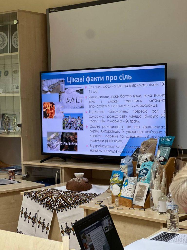 Презентація розпочалася з Балади про сіль, що символізує запеклу боротьбу за українську землю та її ресурси, далі проаналізували історичний аспект солі. Доповідачі розкрили, як звичайна кухонна сіль (натрій хлорид) протягом тисячоліть перетворилася на «біле золото», яке формувало економіки та ставало причиною війн. Було висвітлено ключову роль солі як консерванта в давнину, її значення в Римській імперії (де від неї пішло слово «зарплата» — salarium) та вплив соляних податків на соціальні заворушення, зокрема у Франції.
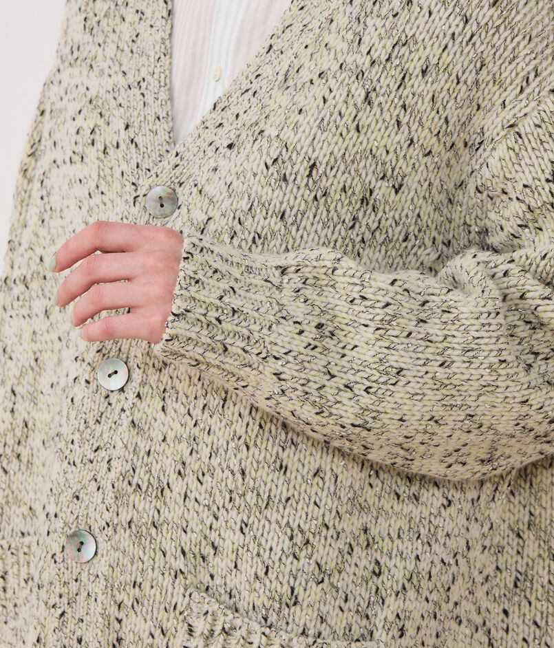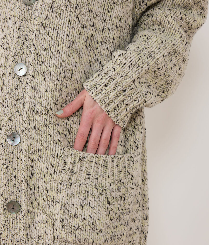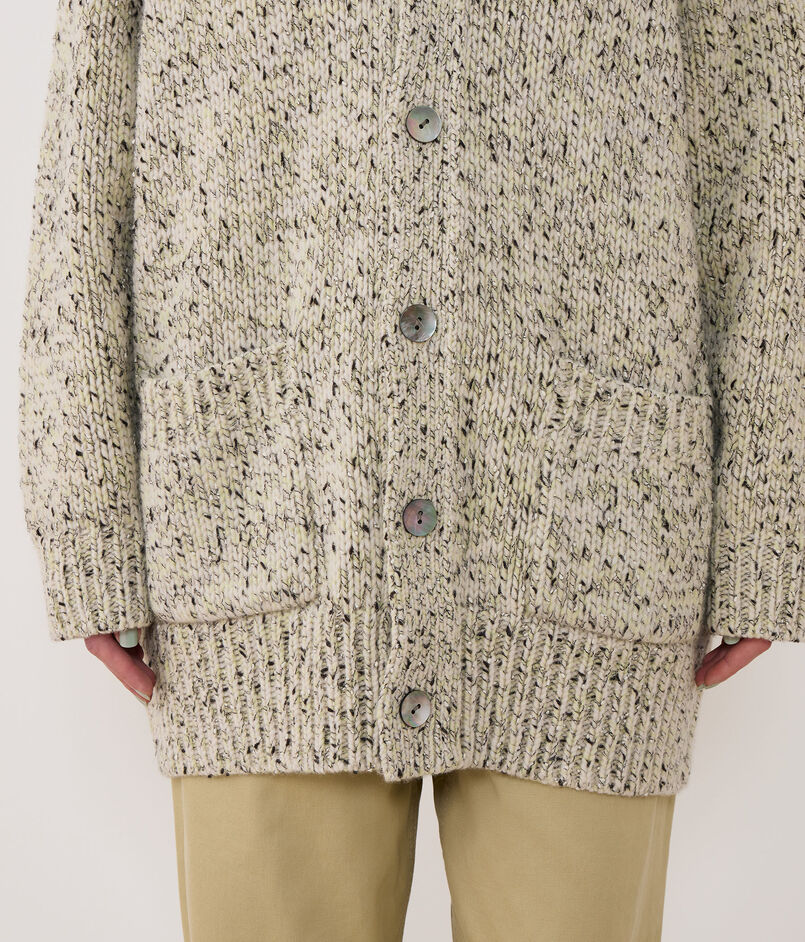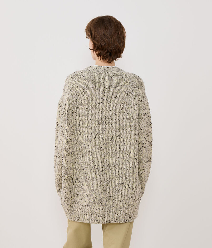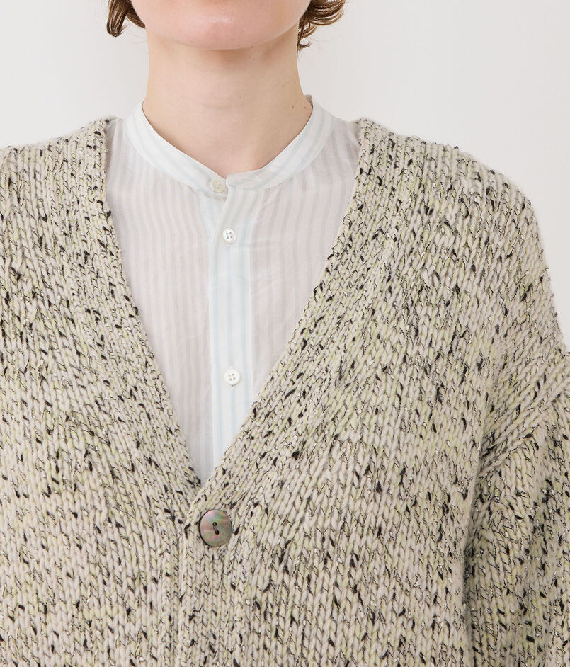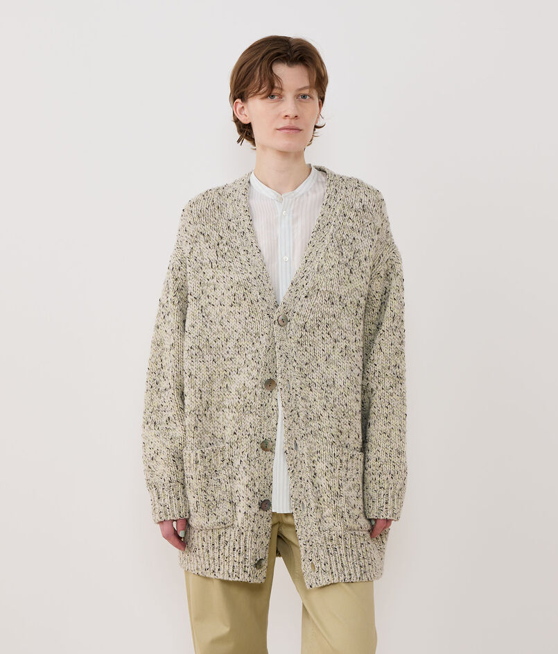 カーディガンはヒップまで隠れる着丈とゆったりとしたシルエットで、抜け感のある一着。
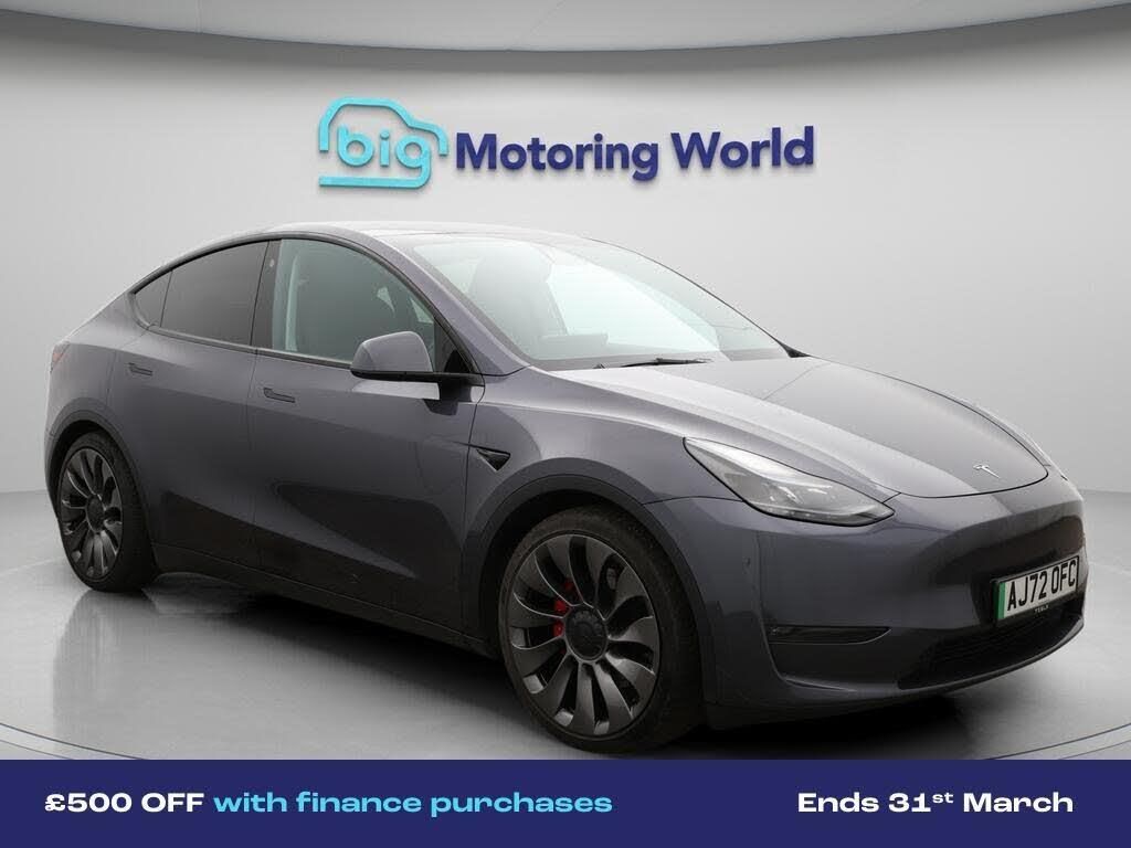 £500 towards your finance depo-Our Tesla Model Y is finished in Grey. Specification includes a range of fantastic features including £500 towards your finance deposit, All Wheel Drive, 21'' Alloy Wheels, Leather Seats, Satellite Navigation, Privacy Glass, Heated Seats, Wireless Phone Charging, Rear View Camera, Heated Rear Seats Specification information is supplied by CAPHPI and may vary to the actual car. This data does not form any part of a buying contact. Please check specification prior to purchase in-store. The MOT is valid until December 2026, visit bigmotoringworld.co.uk for more photos, a 360 tour, service history and a free HPI report.Were BIG on peace of mind and this Grey Tesla Model Y has completed our comprehensive 200 point inspection and passed all checks. Its ready for you to drive away with immediate collection in-store. We include a 90-day warranty as standard plus an option to extend for up to 3 years.Reserve this car exclusively for you, safely and securely at bigmotoringworld.co.uk, with a fully refundable £99 deposit. Test drive before you buy, with no commitment, no hassle and a completely haggle free experience. Still searching and want to see thousands more cars? We are BIG on choice with over 8000 cars to choose from.Visit our award winning web site bigmotoringworld.co.uk.Were Big Motoring World and were BIG on what matters to you.
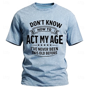 Pánské oblečení, které se neumí chovat, v mém věku nikdy předtím nebyl tak starý, slogan, vtipné, humorné, acid wash, vintage, streetwear, tričko s grafikou, krátký rukáv, denní nošení, značkové
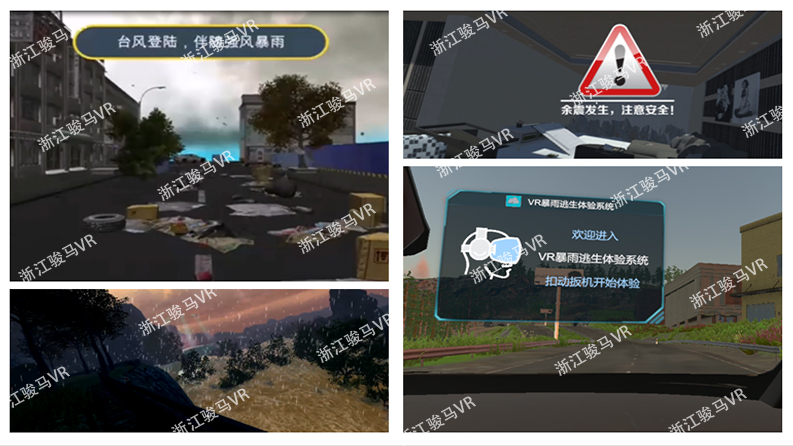 自然災(zāi)害體驗(yàn)系統(tǒng)中包含了“VR泥石流災(zāi)害自救與逃生”、“VR臺(tái)風(fēng)天氣預(yù)防”、“VR暴風(fēng)雨逃生演練系統(tǒng)”、“VR地震逃生體驗(yàn)”等。讓體驗(yàn)者在各不同場景中學(xué)習(xí)如何應(yīng)對自然災(zāi)害等突發(fā)事件,如何進(jìn)行安全預(yù)防避險(xiǎn)等安全知識(shí)。
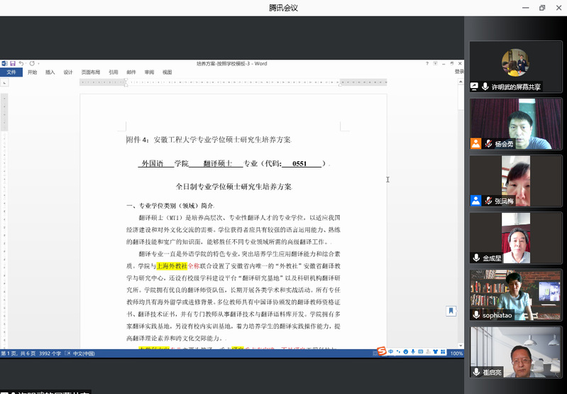 7月6日下午外国语学院在9J209开展了线上线下结合的翻译硕士培养方案专家论证会。会议线上邀请了华中科技大学外国语学院院长、博士生导师、第三届全国翻译专业学位研究生教育指导委员会学术委员会委员(2018 - 2021)许明武教授,复旦大学外文学院翻译系主任、博士生导师陶友兰教授和对外经济贸易大学硕士生导师、中国翻译协会本地化服务委员会副主任崔启亮博士参加,线下参加的老师有外国语学院院长金成星教授、副院长唐雪梅教授、张凤梅副教授和杨会勇副教授。会议由金成星院长主持。
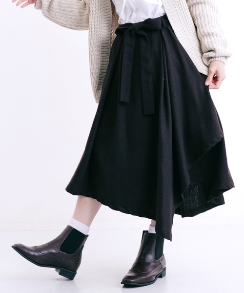 アシンメトリーな長さの裾とウエストリボンがフェミニン感満載のスカート。タックが入っているのでふわっとしすぎずカッチリと決まります。ゆるっとしたニットやタートルネックのニットなどとあわせるのがおすすめです◎
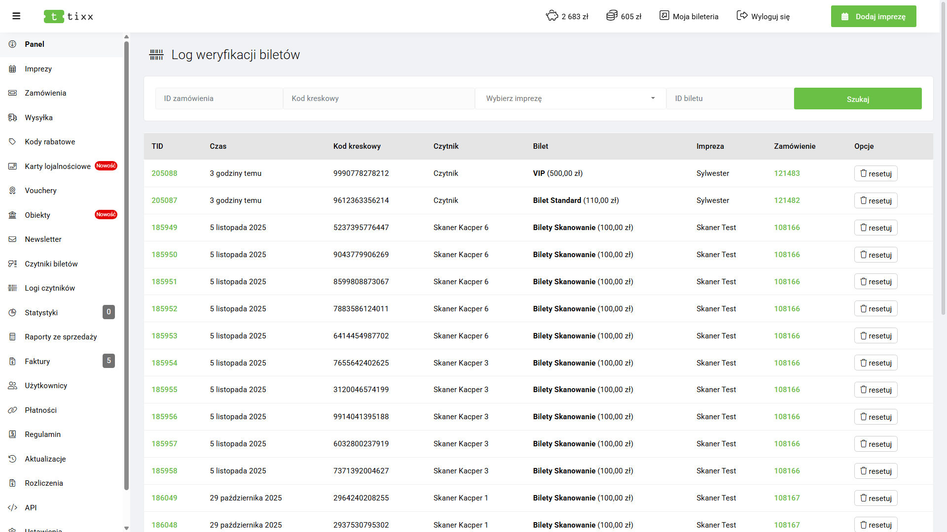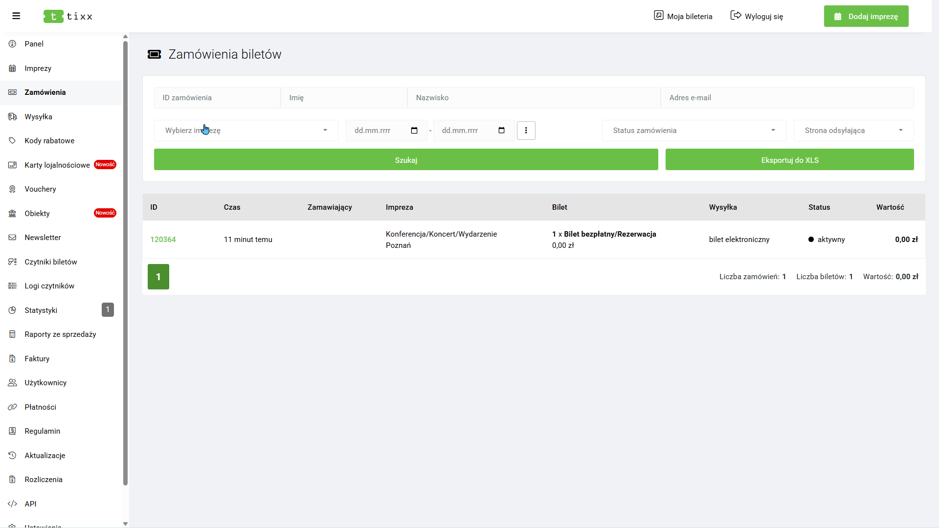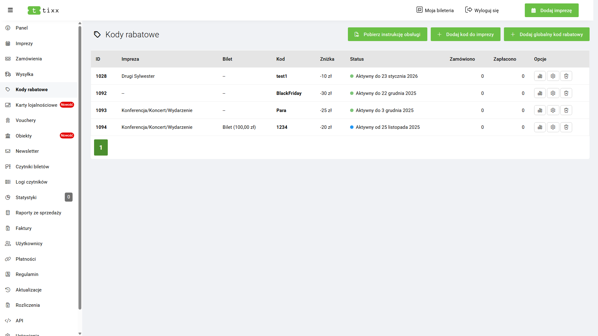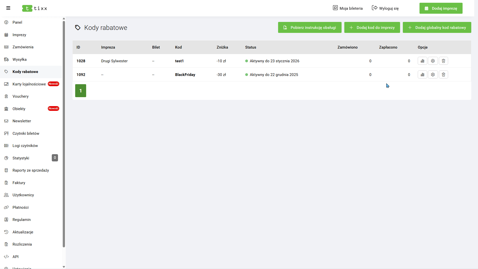 Sekcja Płatności służy do integracji zewnętrznych systemów z panelem Tixx.
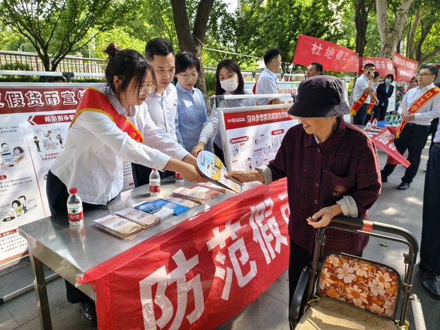 活動(dòng)當(dāng)天,該行組織員工前往五一廣場(chǎng)開展集中宣傳,通過(guò)設(shè)置宣傳咨詢臺(tái),懸掛橫幅,向群眾發(fā)放反假幣、愛護(hù)人民幣和打擊假幣犯罪宣傳折頁(yè),普及數(shù)字人民幣知識(shí),宣傳人民幣防偽知識(shí)和識(shí)別假幣騙局,傳遞“防范假幣,保護(hù)自我”理念。針對(duì)老年客戶風(fēng)險(xiǎn)意識(shí)和識(shí)假能力不足問(wèn)題,該行開展“一對(duì)一,手把手”現(xiàn)場(chǎng)教授假幣“看、摸、聽、測(cè)”等識(shí)別方法,切實(shí)守牢老年客戶的“錢袋子”。
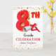 For him, Congratulations on 8th Grade Celebration graduation, paper greeting card. A large 8th balloon in red and gold with a graduation diploma and gold stars. Customise by adding a name to the cover. Art, image, and verse copyright © Shoaff Ballanger Studios, 2025.
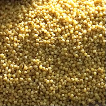 小米(Setaria italica var. germanica (Mill.) Schred. ),又稱為粟,北方稱谷子,谷子脫殼為小米,其粒小,直徑1 mm左右。小米是世界上古老的栽培農(nóng)作物之一,起源于中國黃河流域,是中國古代的主要糧食作物。粟生長耐旱,品種繁多,俗稱“粟有五彩”,有白、紅、黃、黑、橙、紫等各種顏色的小米,也有黏性小米。中國很早的酒也是用小米釀造的!
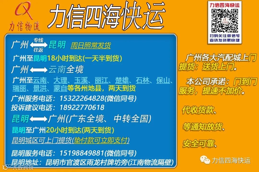 公司发展线路:广州→昆明、乌鲁木齐、宁波、义乌、温州、台州及直发全国各地
______
Task statement:
Print the data above from its first line through the line that has "カーディガンはヒップまで隠れ", exactly and with nothing else, omitting pictures.

Written reply:
 Презентація розпочалася з Балади про сіль, що символізує запеклу боротьбу за українську землю та її ресурси, далі проаналізували історичний аспект солі. Доповідачі розкрили, як звичайна кухонна сіль (натрій хлорид) протягом тисячоліть перетворилася на «біле золото», яке формувало економіки та ставало причиною війн. Було висвітлено ключову роль солі як консерванта в давнину, її значення в Римській імперії (де від неї пішло слово «зарплата» — salarium) та вплив соляних податків на соціальні заворушення, зокрема у Франції.
 カーディガンはヒップまで隠れる着丈とゆったりとしたシルエットで、抜け感のある一着。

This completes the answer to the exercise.